> EXERCISE
Below are some records. Retype exactly the lines from the one containing "Kit para crear" through the one containing "โปรโมชั่น: บ้านลุมพินี ทาวน์พาร์ค", both included, skipping every picture.

> MATERIAL FOR THIS EXERCISE
* * * *
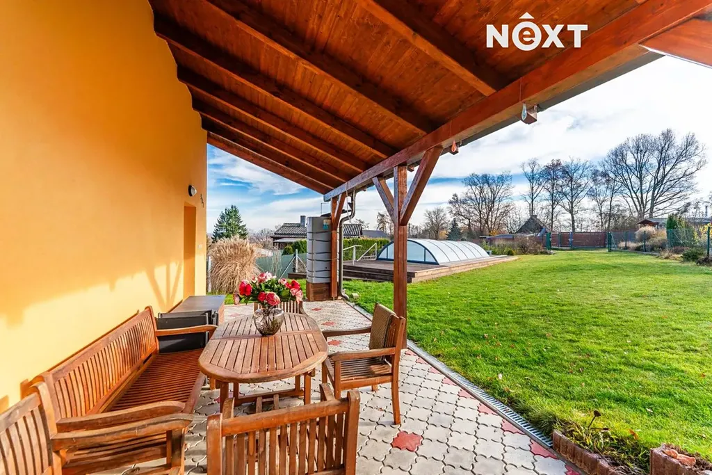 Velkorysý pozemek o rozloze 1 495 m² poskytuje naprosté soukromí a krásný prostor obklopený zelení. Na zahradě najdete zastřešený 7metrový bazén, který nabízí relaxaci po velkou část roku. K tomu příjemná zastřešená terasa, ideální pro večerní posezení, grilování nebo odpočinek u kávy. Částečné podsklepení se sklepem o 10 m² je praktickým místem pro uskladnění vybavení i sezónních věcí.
* * * *
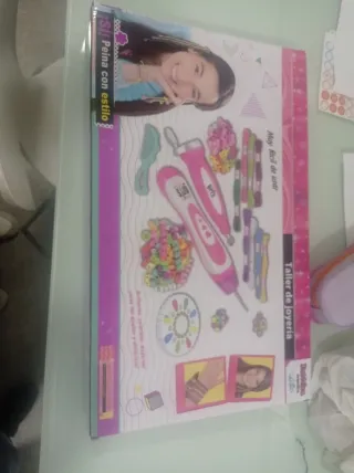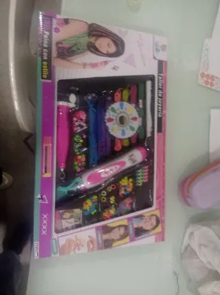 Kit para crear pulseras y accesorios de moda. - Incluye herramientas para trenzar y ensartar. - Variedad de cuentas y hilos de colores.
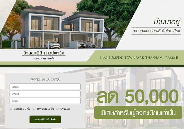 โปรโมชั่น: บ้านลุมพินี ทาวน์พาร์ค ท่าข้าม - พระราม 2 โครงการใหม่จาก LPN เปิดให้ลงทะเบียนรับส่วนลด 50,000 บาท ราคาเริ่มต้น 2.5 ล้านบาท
* * * *
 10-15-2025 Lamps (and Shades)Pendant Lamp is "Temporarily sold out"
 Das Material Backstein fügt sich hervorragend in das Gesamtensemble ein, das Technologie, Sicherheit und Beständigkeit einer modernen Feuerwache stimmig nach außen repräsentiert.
* * * *
> SOLUTION TO THE EXERCISE
 Kit para crear pulseras y accesorios de moda. - Incluye herramientas para trenzar y ensartar. - Variedad de cuentas y hilos de colores.
 โปรโมชั่น: บ้านลุมพินี ทาวน์พาร์ค ท่าข้าม - พระราม 2 โครงการใหม่จาก LPN เปิดให้ลงทะเบียนรับส่วนลด 50,000 บาท ราคาเริ่มต้น 2.5 ล้านบาท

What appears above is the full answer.